The only additional consideration for high frequency transducers (180-480kHz) is in software because the DSP coefficients are not automatically updated when the FREQUENCY register is written to. The additional step of updating the DSP coefficients in a high frequency case is explained in FAQ # 5.10 "How do I successfully use a high-frequency transducer (180-480kHz) with the GUI?" . The GUI now automatically updates the DSP coefficients, but if you are implementing a custom software solution, you will need to replicate the DSP coefficient write procedure described. This additional requirement is also described in section 7.3.4.1 Ultrasonic Echo—Band-Pass Filter of the datasheet:

The band-pass filter is a second-order Butterworth IIR type filter. On power up, the PGA460-Q1 device calculates
the coefficients and places them in the BPF_A2_xSB, BPF_A3_xSB, and BPF_B1_xSB registers. These
registers can be overwritten by the user to reconfigure the filter. However, if the FREQ or BPF_BW bit is
changed, the coefficient calculation sequence is rerun and the device rewrites these registers. In case the
FREQ_SHIFT bit is set to 1 (80- to 480-kHz driving frequency range), the band-pass filter coefficients are not
calculated automatically by the PGA460-Q1 device. In this case the MCU is required to write these values
through the UART or USART interface.

A DSP band-pass coefficient look up table is included in the PGA460-Q1 EVM GUI, is dependent on the frequency and band-pass filter bandwidth.

Hi user1327352,

Responding to your questions:

1) Based on your first image, you are powering the PGA460 with the USB step-up circuit to generate a VPWR_DD voltage of 7V. In the half-bridge driver configuration, this means you are only exciting the transducer with 7Vpp total, whereas a transformer driver would generate 140Vpp. It is difficult to determine if the transducer you are using if closed-top or not, but you may need a larger VPWR_DD voltage to properly excite the transducer. The maximum driver voltage I recommend you try using is 28V. You can also power the device from a 28V supply to simplify the EVM setup. Remember to completely remove the jumper on the BOOSTXL-PGA460 board when using an external supply on the EVM's MAIN supply net. What is the transducer part number and/or voltage driver specification of the transducer?

2) You setup for the high-frequency mode is correct, and the driving signal appears to be correct also. You may not see anything on the return envelope due to the weak driving voltage, or you may need to increase the digital gain setting. According to your echo data dump capture, your digital gain is x2 on preset 1 and x1 on preset 2. Try increasing these values to x8, x16, or x32.

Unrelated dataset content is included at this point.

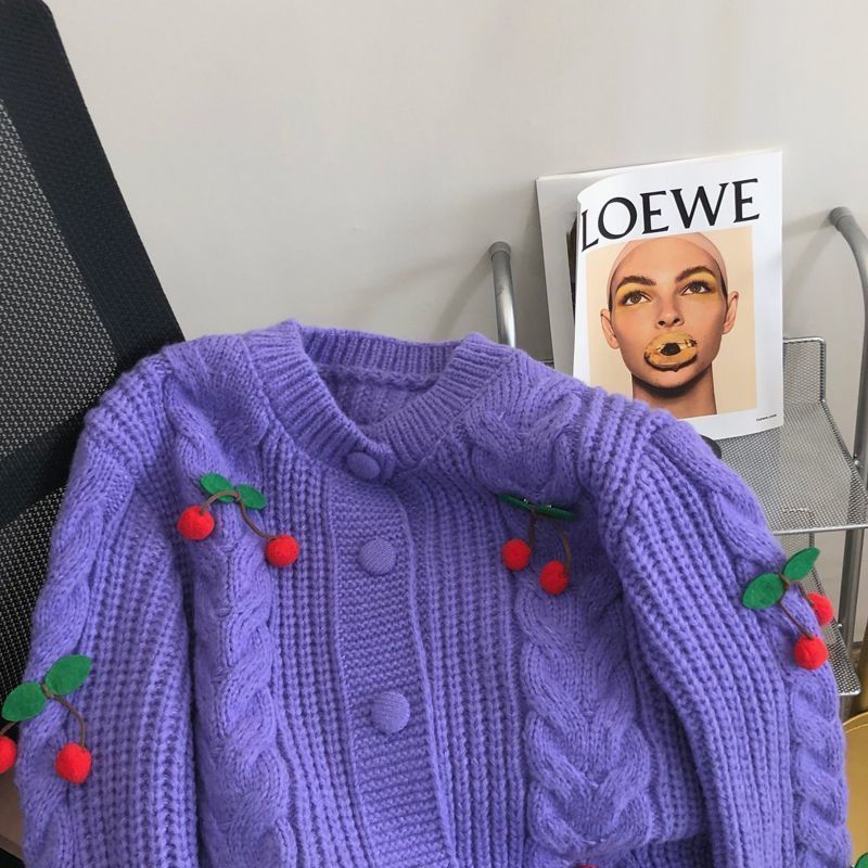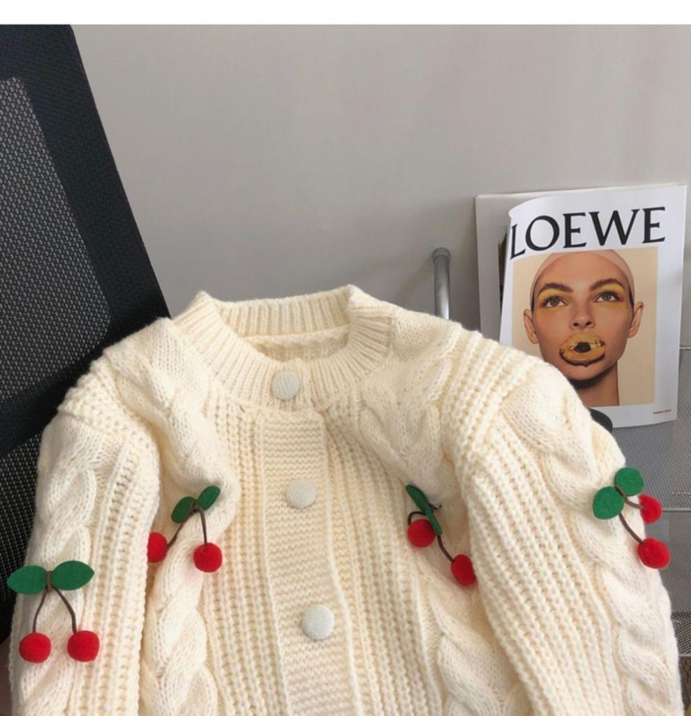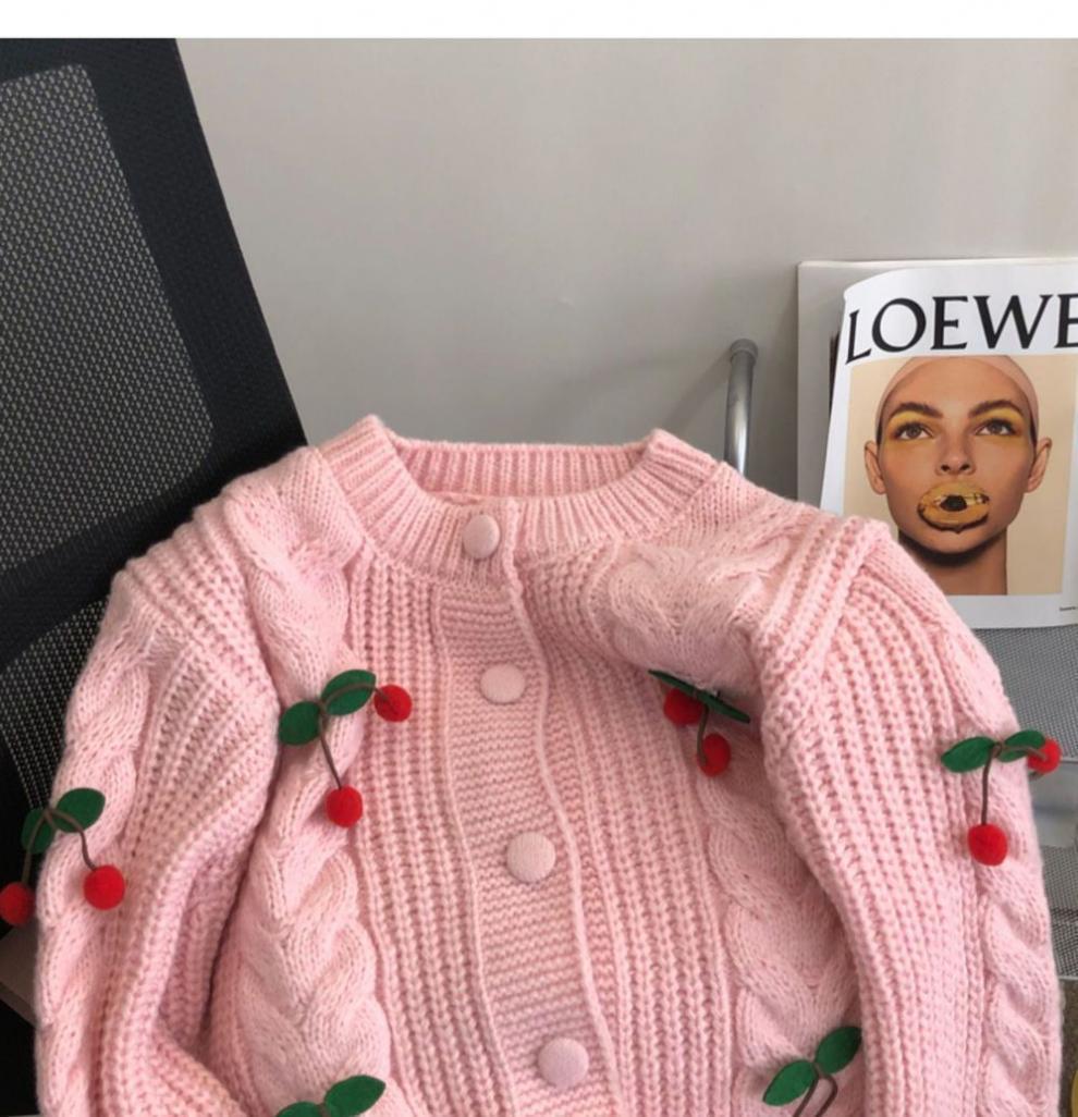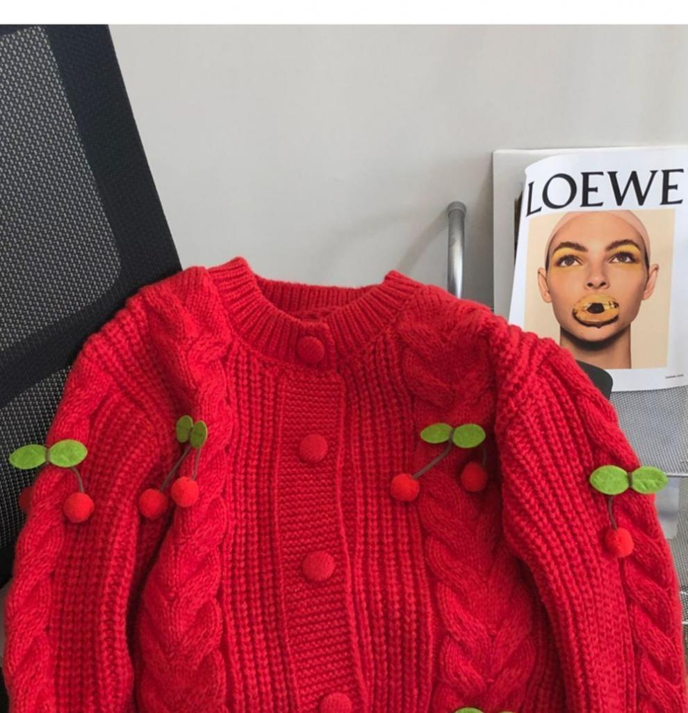 A6C 레트로 달콤한 우아한 니트 스웨터 카디건 프랑스 슬리밍 트위스트 스웨터 3 차원 체리 싱글 브레스트스토어 가기

3) High frequency transducers (i.e. 300kHz) typically have a very short maximum range (typically <1m). Your time access is currently configured for 16ms (2.8m). I recommend, that you reduce the record time for your initial debug/evaluation to the minimum of 4.096ms (70cm). This will allow you to see objects very close, even if they are weak, to confirm the presence of any echo activity when using a 7V half bridge driver.